* [WHAT THIS TASK INVOLVES]:
Print, exactly as they stand, the lines below from the one that has "Тера Соединение угловое" to the one that has "Frilly wheel thrown", inclusive, leaving out the pictures.

Records contained in a dataset
[Start of section]

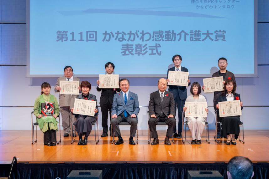 介護フェアでは、介護現場の第一線で働く介護職員や介護に頑張る事業所を応援するため、「かながわ認証」や「かながわベスト介護セレクト20」、「かながわ感動介護大賞」の表彰式等を行い、私から受賞者の皆さんに表彰状を授与しました。
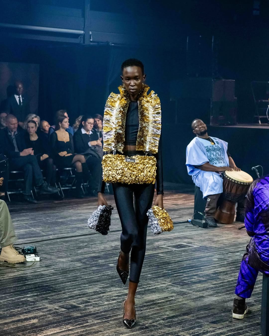 • Circular design: Transforming waste into refined, wearable art.
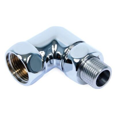 Тера Соединение угловое г/ш 1х1 деталь для подключения под прямым углом патрубков водяной сушки для полотенец к системе отопления. Аксессуар имеет разный тип резьбы с обеих своих сторон: с одной стороны установлена гайка с внутренней резьбой, а с другой имеется штуцер, то есть резьба наружная.
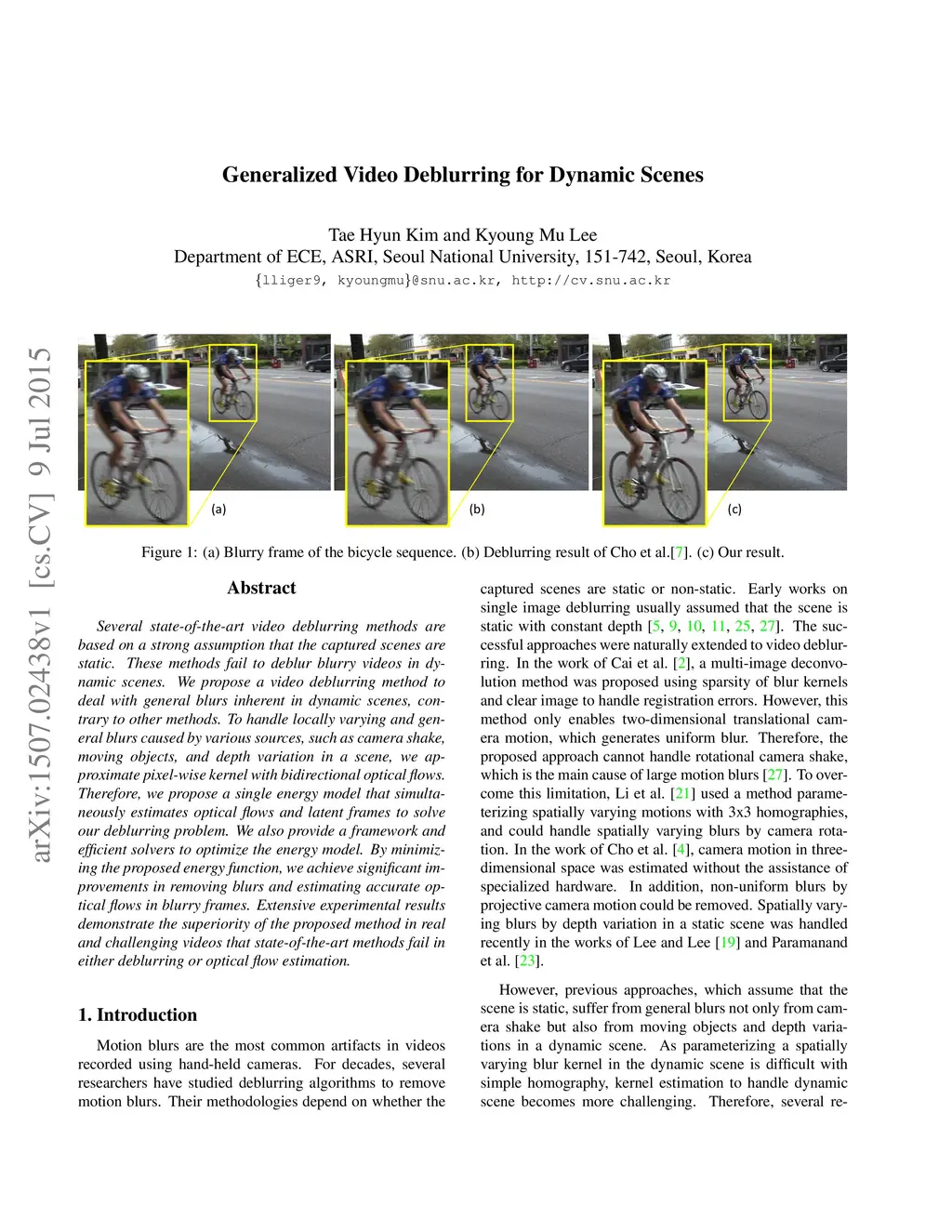 Several state-of-the-art video deblurring methods are based on a strong assumption that the captured scenes are static. These methods fail to deblur blurry videos in dynamic scenes. We propose a video deblurring method to deal with general blurs inherent in dynamic scenes, contrary to other methods. To handle locally varying and general blurs caused by various sources, such as camera shake, moving objects, and depth variation in a scene, we approximate pixel-wise kernel with bidirectional optical flows. Therefore, we propose a single energy model that simultaneously estimates optical flows and latent frames to solve our deblurring problem. We also provide a framework and efficient solvers to optimize the energy model. By minimizing the proposed energy function, we achieve significant improvements in removing blurs and estimating accurate optical flows in blurry frames. Extensive experimental results demonstrate the superiority of the proposed method in real and challenging videos that state-of-the-art methods fail in either deblurring or optical flow estimation.
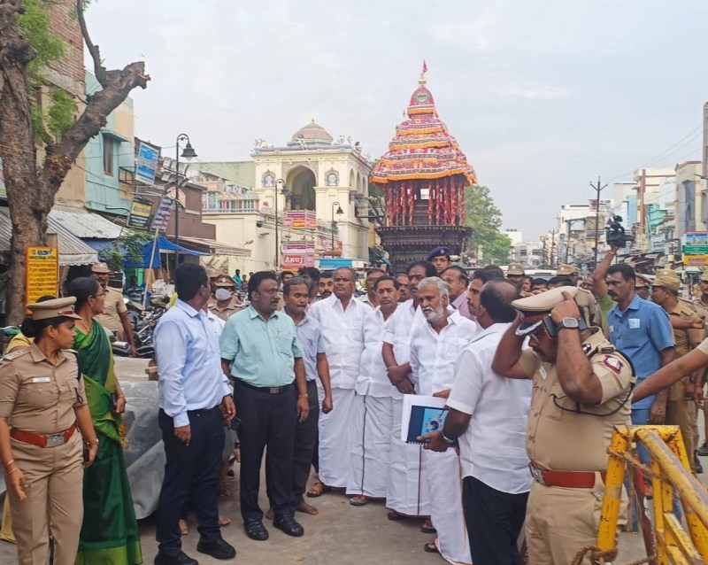 जुलूस के दौरान भक्तों ने पूरी तरह सजी हुई लकड़ी की कारों को खींचकर उत्सव मनाया, जिसमें एक कार में भगवान सुंदरेश और देवी मीनाक्षी की मूर्तियां विराजित की गई और दूसरी कार में देवी मीनाक्षी की प्रतिमा विराजित कर पूर्वी मासी सडक़ से हर हर शंकर, मीनाक्षी सुंदरा का जाप करते हुए जुलूस निकाला गया। यात्रा की व्यवस्था के लिए हजारों पुलिसकर्मियों की ड्यूटी लगाई गई। इसके अलावा जुलूस में लकड़ी की छोटे कारों में भगवान विनायग, भगवान मुरुगन और भगवान नयनमार्स की प्रतिमाएं विराजित थी। तमिल महीने चित्तिरै में मनाए जाने वाले कार उत्सव में राज्य के विभिन्न हिस्सों से भक्त पहुंचते हैं।
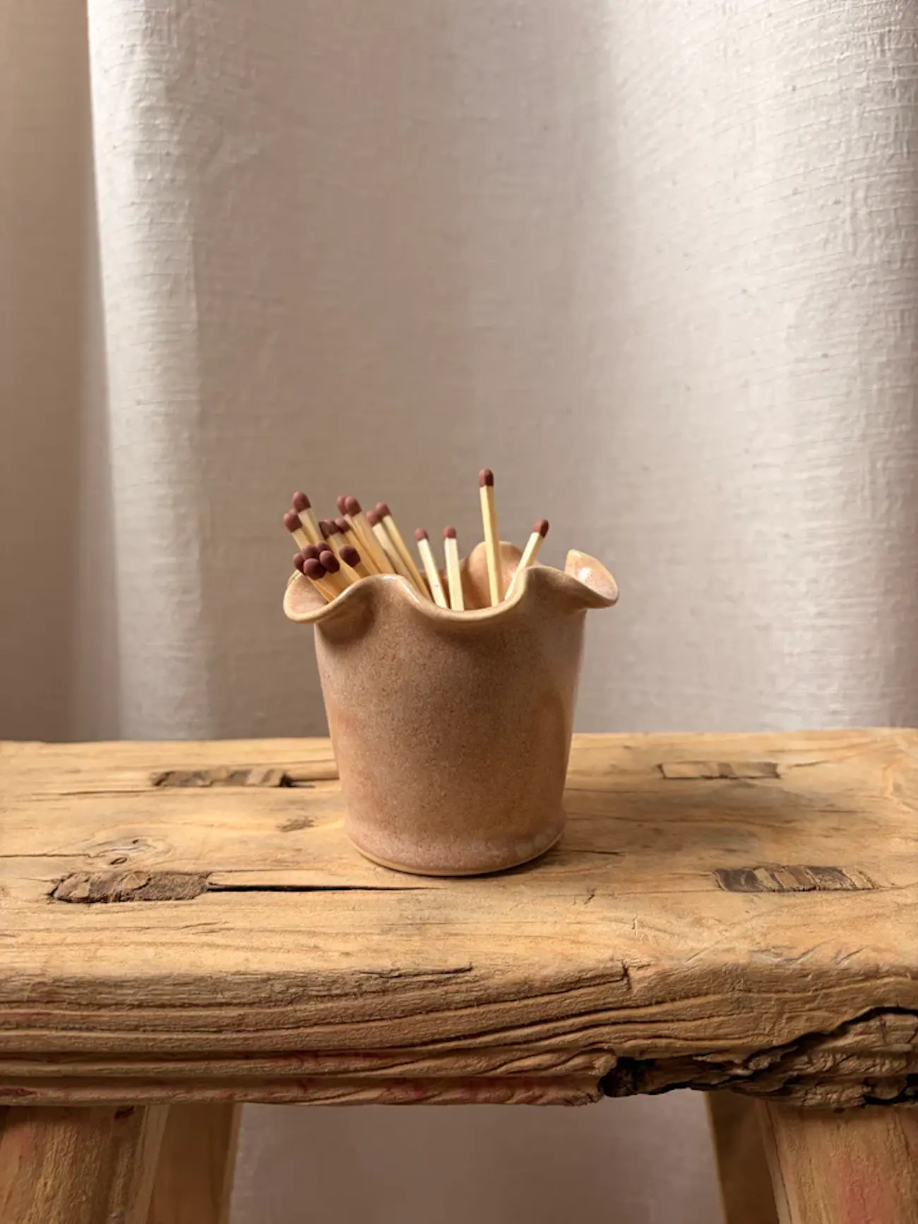 Frilly wheel thrown matchstick pot, with strike sticker to stick to the base.
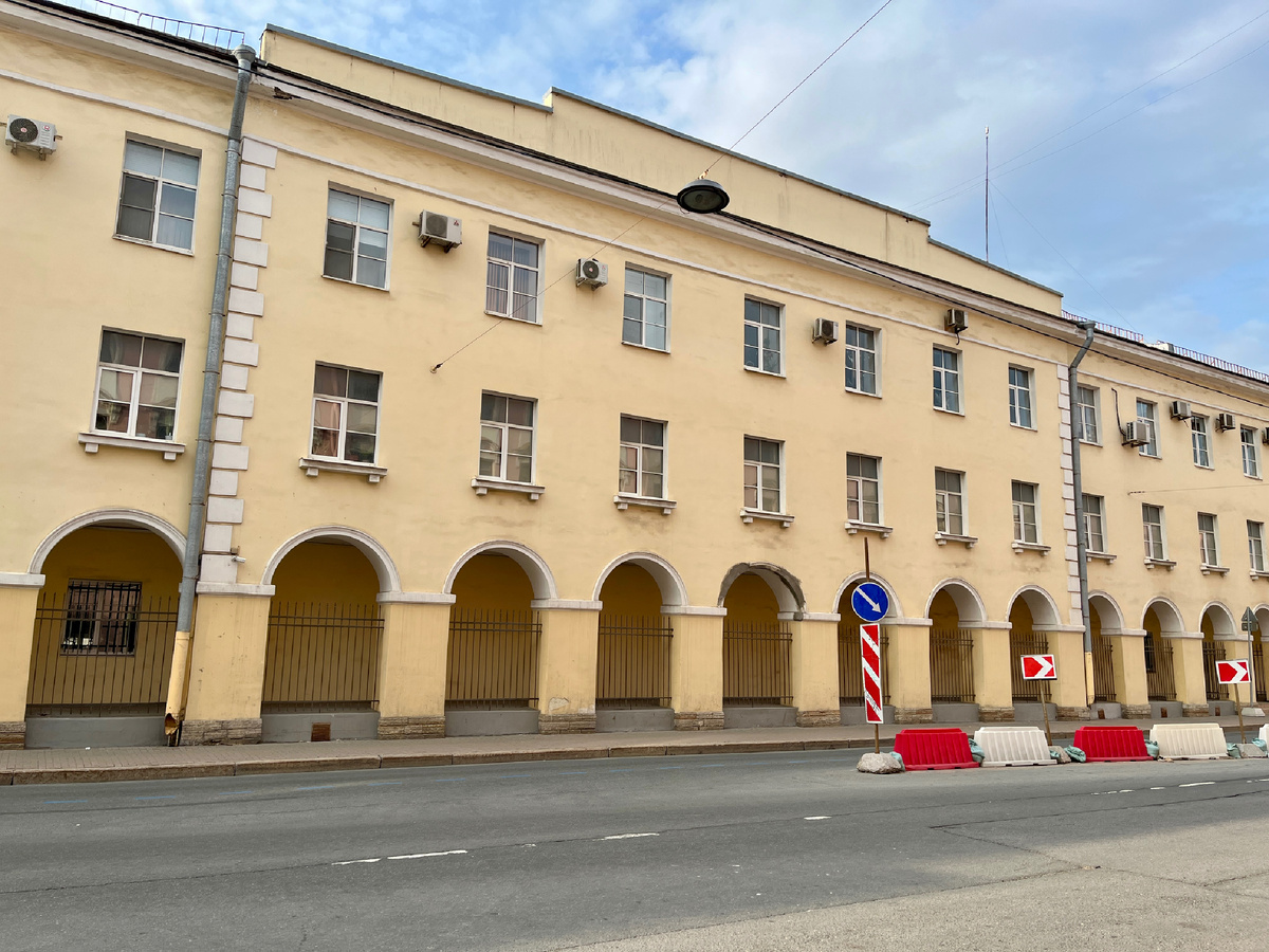 25. Изначальная специализация района до сих пор представлена в качестве Военно-артиллерийской академии, занимающей обширное здание Нового Арсенала (1799-1801, Фёдор Демерцов) на Литейном проспекте:
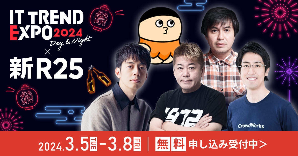 【ビジネスバラエティの祭典】夜20:00~はお酒片手に!? 業界最大級のオンライン展示会「ITトレンドEXPO2024」が「新R25」とのコラボで “夜の部” を開催!

[End of section]

* [RESPONSE TO THE EXERCISE]:
 Тера Соединение угловое г/ш 1х1 деталь для подключения под прямым углом патрубков водяной сушки для полотенец к системе отопления. Аксессуар имеет разный тип резьбы с обеих своих сторон: с одной стороны установлена гайка с внутренней резьбой, а с другой имеется штуцер, то есть резьба наружная.
 Several state-of-the-art video deblurring methods are based on a strong assumption that the captured scenes are static. These methods fail to deblur blurry videos in dynamic scenes. We propose a video deblurring method to deal with general blurs inherent in dynamic scenes, contrary to other methods. To handle locally varying and general blurs caused by various sources, such as camera shake, moving objects, and depth variation in a scene, we approximate pixel-wise kernel with bidirectional optical flows. Therefore, we propose a single energy model that simultaneously estimates optical flows and latent frames to solve our deblurring problem. We also provide a framework and efficient solvers to optimize the energy model. By minimizing the proposed energy function, we achieve significant improvements in removing blurs and estimating accurate optical flows in blurry frames. Extensive experimental results demonstrate the superiority of the proposed method in real and challenging videos that state-of-the-art methods fail in either deblurring or optical flow estimation.
 जुलूस के दौरान भक्तों ने पूरी तरह सजी हुई लकड़ी की कारों को खींचकर उत्सव मनाया, जिसमें एक कार में भगवान सुंदरेश और देवी मीनाक्षी की मूर्तियां विराजित की गई और दूसरी कार में देवी मीनाक्षी की प्रतिमा विराजित कर पूर्वी मासी सडक़ से हर हर शंकर, मीनाक्षी सुंदरा का जाप करते हुए जुलूस निकाला गया। यात्रा की व्यवस्था के लिए हजारों पुलिसकर्मियों की ड्यूटी लगाई गई। इसके अलावा जुलूस में लकड़ी की छोटे कारों में भगवान विनायग, भगवान मुरुगन और भगवान नयनमार्स की प्रतिमाएं विराजित थी। तमिल महीने चित्तिरै में मनाए जाने वाले कार उत्सव में राज्य के विभिन्न हिस्सों से भक्त पहुंचते हैं।
 Frilly wheel thrown matchstick pot, with strike sticker to stick to the base.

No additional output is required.